Он с волками "выл по-волчьи", но даже на Ветхий Завет никогда не ссылался,
взяв на себя, повторяю, всю полноту ответственности перед Небом. Он исполнял
ДОЛГ.

"Не беспокойся обо мне, - писал он матери, - Я свою долю выдержу..."
Здесь кровью святые омыты утесы.
Здесь славой овеян бетон батарей,
Здесь курс на бессмертье держали матросы
В боях за свободу отчизны своей.

БИОГРАФИЧЕСКАЯ СПРАВКА:
1944 г. Приказ в связи с прорывам обороны немцев и освобождением города
Мга войсками Ленинградского фронта. Участие в работе десятой сессии
Верховного Совета СССР. Приказ в связи с завершением операции по уничтожению
немецких войск в районе Корсунь-Шевченковский. Приказ в связи с выходом
войск 2 Украинского фронта на гос.границу СССР - реку Прут. Приказы в связи
с форсированием реки Днестр и выходом войск 1-ого Украинского фронта на
государственную границу с СССР с Чехословакией и Румынией, а также в связи с
прорывом обороны немцев и форсированием реки Прут. Приказ в связи с
освобождением Севастополя и полным очищением Крыма от немецких захватчиков
войсками 4-ого Украинского фронта. Доклад о 27-й годовщине Великой
Октябрьской соц. революции. Беседа с президентом Академии Наук СССР
В.Л.Комаровым о задачах Академии Наук. Принимает делегацию Варшавы и
символический бронзовый герб Польши в знак благодарности польского народа за
помощь в борьбе с немецко-фашистскими захватчиками.
"У Сталина была поразительная работоспособность... Я это точно знаю.

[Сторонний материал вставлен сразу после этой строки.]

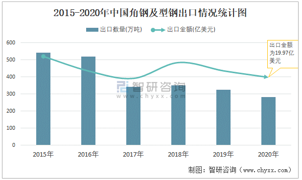 2015-2020年中國角鋼及型鋼出口情況統計圖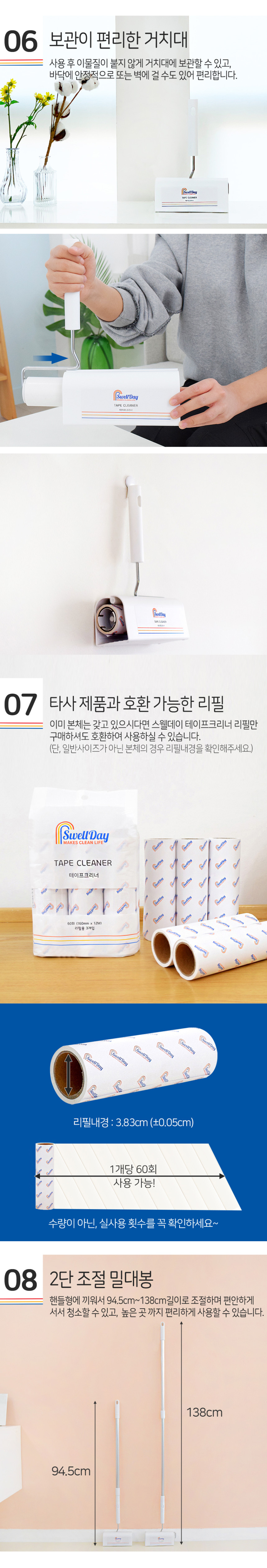 스웰데이 사선컷팅 테이프크리너 7종 (핸들+거치대+밀대+리필4P)

То, что ему нужно было, он досконально знал и следил. Это совершенно
правильно. И смотрел не в одну сторону, а во все стороны. Это политически
важно было, скажем, авиация - так авиация... Пушки - так пушки, танки - так
танки, положение в Сибири - так положение в Сибири, политика Англии - так
политика Англии, одним словом, то, что руководитель не должен был выпускать
из своего поля зрения.
А с другой стороны, стоит вспомнить постановления Совета Министров и
ЦК. В Совете Министров их принимали очень много, в неделю иногда до сотни.

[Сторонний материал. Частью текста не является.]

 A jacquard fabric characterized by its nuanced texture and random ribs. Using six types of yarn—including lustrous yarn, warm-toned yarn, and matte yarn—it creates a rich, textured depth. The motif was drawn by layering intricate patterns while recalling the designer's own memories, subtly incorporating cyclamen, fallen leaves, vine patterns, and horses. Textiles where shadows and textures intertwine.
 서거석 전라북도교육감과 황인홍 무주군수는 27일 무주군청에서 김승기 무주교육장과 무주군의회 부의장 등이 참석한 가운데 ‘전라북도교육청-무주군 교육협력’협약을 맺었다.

Эти все постановления Поскребышев в большом пакете направлял на дачу на
подпись. А пакеты, нераспечатанные, лежали на даче месяцами. А выходили все
за подписью Сталина. Когда мы обсуждали, он расспрашивал, что вы там сегодня
делали какие были вопросы, ну, мы обедали, обсуждали, разговаривали, а
поспорить - спорили, делились между собой и с ним. Естественно, вопросы
выяснялись, если они были неясными, но читать ему все эти бумаги, конечно,
было бессмысленно. Потому что он просто стал бы бюрократом". /Молотов -
Чуев/
"Чем больше нападают на него, тем выше он поднимается, Сталин. Идет
борьба. Огромное в Сталине не видят, - говорит Молотов, - Более
последовательного, более великого человека, чем Сталин, после Ленина не было
и нет!.. Свою роль Сталин выполнил - исключительно важную. Очень трудную".
"Сталин говорил: "Менгрелец не скажет, что украл лошадь - лошадь меня
унесла!"
- Сталин снится?
- Не часто, но иногда снится. И какие-то совершенно необычные условия.

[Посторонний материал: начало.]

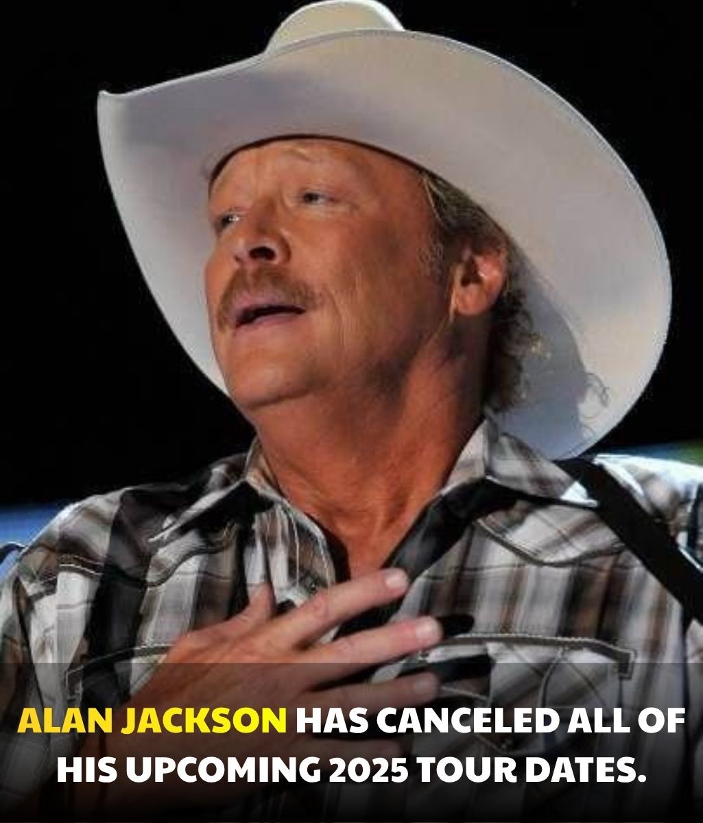 In a move that has left the country music world reeling, Alan Jackson has officially canceled all of his upcoming 2025 tour dates, sparking an outpouring of emotion and speculation across the internet. Within minutes of the announcement, social media exploded with messages of heartbreak, support, and concern for one of country music’s most beloved icons.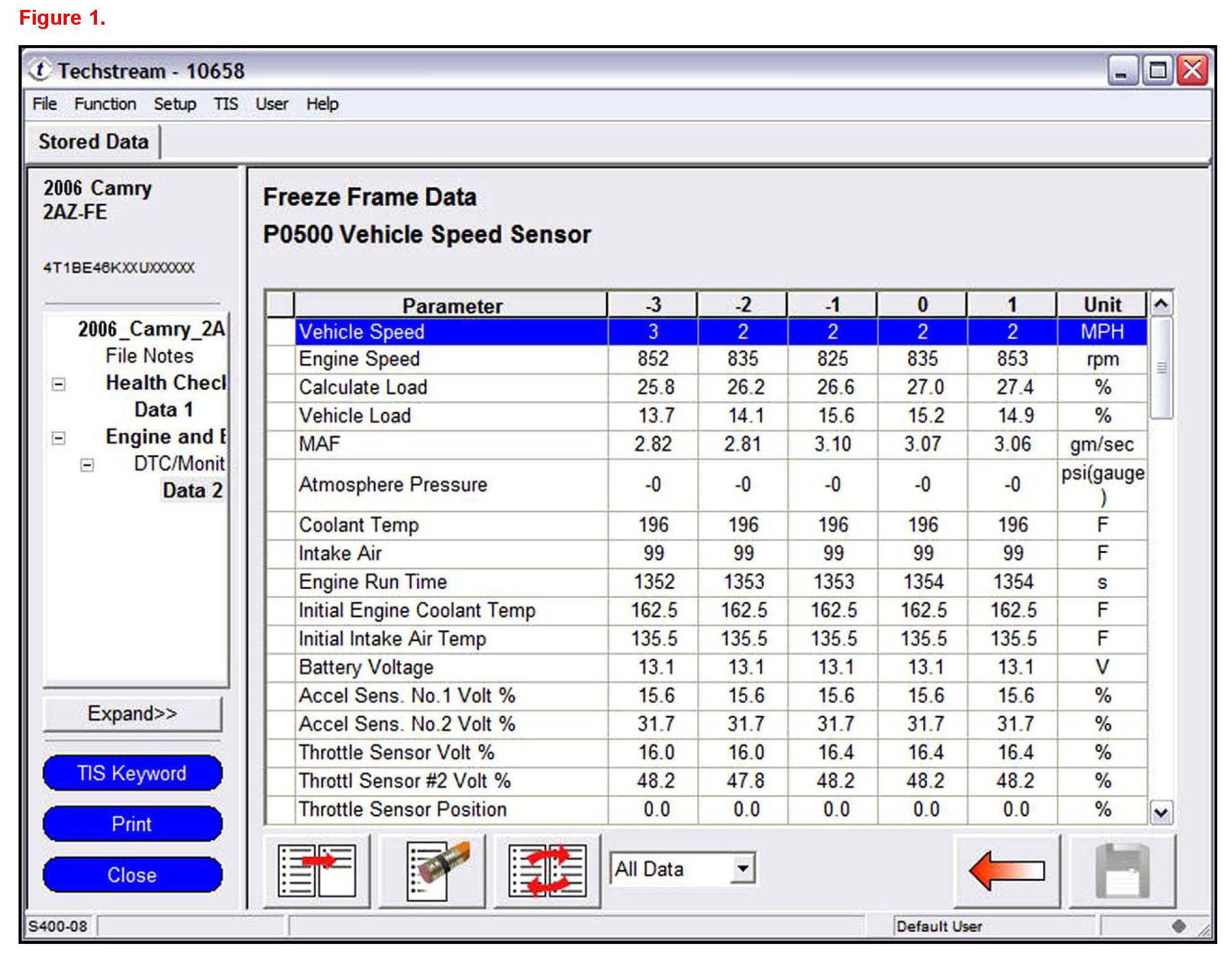 1. Inspect the Freeze Frame Data stored under "Engine and ECT" with the DTC P0500. (See Figure 1.)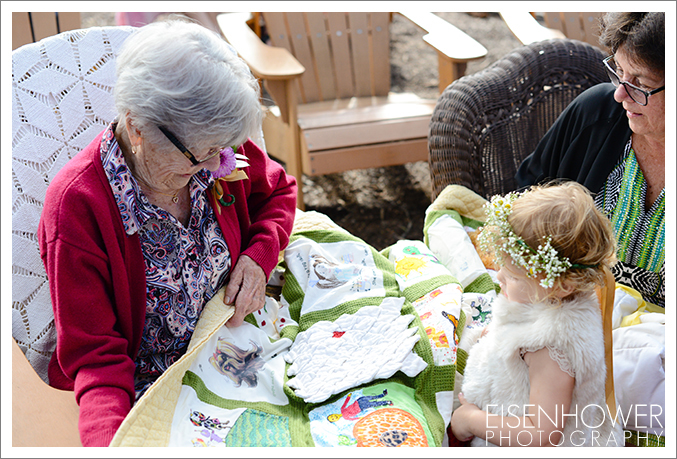 Guest seating was draped in blankets filled with personal meaning. Here Dede inspects Waylond’s baby quilt with her great granddaughter.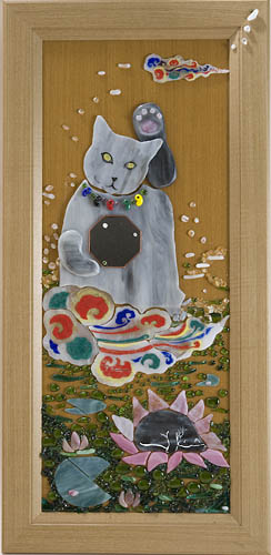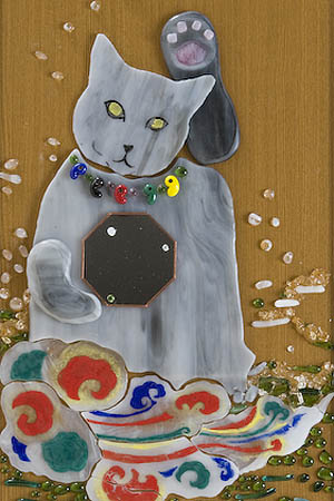 すべてガラスで描いた招き猫です。モデルはわが家のじーちゃんねこ“まりの”です。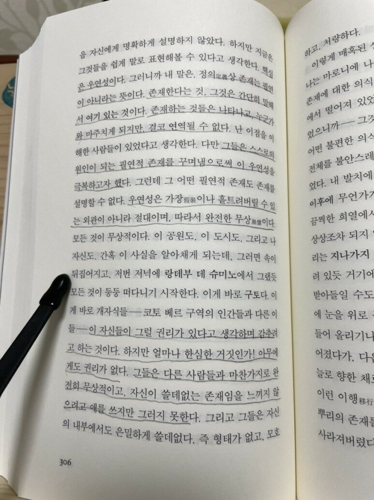 앙투안에게 존재는 자신뿐 아니라 주변 모든것에게도 해당되는데 그 존재의 상태를 항상 느끼는것도 아니다. 갑자기 강렬히 느꼈졌다가 사그라지듯이 느낌. 그 존재들이 강렬한데 다 쓸데 없다. 죽는것도 쓸데 없다. 그래서 그냥 살고 있기 때문에 그냥 살고 있는 것이다.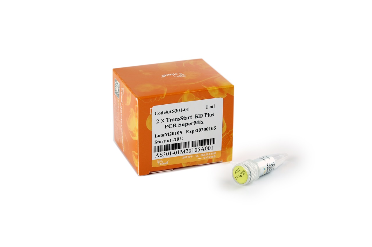 本產(chǎn)品含TransStart? KD Plus DNA Polymerase、dNTPs和優(yōu)化的反應緩沖液,濃度為,擴增能力強,擴增速度快,具有超高保真性、高特異性。DNA擴增時,只需加入模板、引物和水,使SuperMix溶液的濃度為即可進行反應。擴增產(chǎn)物為平端,可直接克隆于pEASY?-Blunt系列載體中。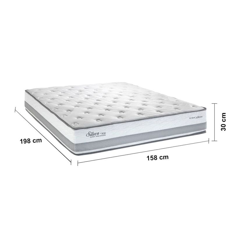 Materiais de alta qualidade para suas noites de sonoO Colchão Herval Silver foi projetado para quem busca uma noite de sono superior. Com suas molas ensacadas, oferece um suporte individualizado que se adapta a cada parte do corpo. Cada mola é envolvida em tecido, proporcionando um conforto adaptável e reduzindo a transferência de movimento entre os que compartilham o colchão. Essa tecnologia se molda às curvas do corpo, promovendo um alinhamento adequado da coluna e aliviando pontos de pressão.Ventilação e Frescor com Tecido AirmeshO Tecido Airmesh é ideal para quem deseja um ambiente de sono mais confortável e saudável. Sua estrutura respirável permite uma excelente circulação de ar, ajudando a manter a temperatura do colchão equilibrada durante a noite. Isso significa que, mesmo em noites quentes, o calor é dissipado, proporcionando um descanso fresco e agradável.Sustentabilidade e conforto na hora do descansoEste colchão é feito com Eco Ecospuma, um material sustentável que garante conforto e oferece suporte firme e aconchegante, além de regular a temperatura, evitando o calor excessivo. Com o Pillow Top One Side, você tem uma camada adicional de conforto, e seu forro antiderrapante proporciona estabilidade, sendo a escolha ideal para quem valoriza tanto qualidade quanto a sustentabilidade.

В каком-то разрушенном городе... Никак не могу выйти... Потом встречаюсь с
ним. Одним словом, какие-то странные сны, очень запутанные". /Ф.Чуев/
- Значит, это выявилось на фронте только перед лицом противника?
- Да, это так.
- Да знаете ли вы, что так мог поступить только самый коварный враг.
Именно так и поступил бы, - выпустив на заводе годные самолеты, чтобы они на
фронте оказались негодными! Враг не нанес бы нам большего ущерба, не
придумал бы ничего худшего. Это работа на Гитлера!
Он несколько раз повторил, что самый коварный враг не мог бы нанести
большего вреда...
Трудно себе представить наше состояние в тот момент. Я чувствовал, что
холодею. А Дементьев стоял весть красный и нервно теребил в руках кусок
злополучной обшивки.
Несколько минут прошло в гробовом молчании. Наконец, Сталин, походив
некоторое время в раздумье, несколько успокоился и по-деловому спросил:
- Что будем делать?
Дементьев заявил, что мы немедленно исправим все самолеты.
Что значит немедленно? Какой срок?
Дементьев задумался на какое-то мгновение, переглянулся со мной.
- В течение двух недель.
Я ушам своим не верил. Мне казалось, что на эту работу потребуется по
крайней мере месяца два.
Срок был принят. Однако Сталин приказал военной прокуратуре немедленно
расследовать обстоятельства дела.
После чего Сталин обратился ко мне: "А ваше самолюбие не страдает? Как
вы себя чувствуете? Над вами издеваются, гробят вашу машину, а вы чего
смотрите?
Когда мы выходили из кабинета Сталина, я облегченно вздохнул, но вместе
с тем не мог не сказать Дементьеву:
- Слушай, как за две недели можно выполнить такую работу?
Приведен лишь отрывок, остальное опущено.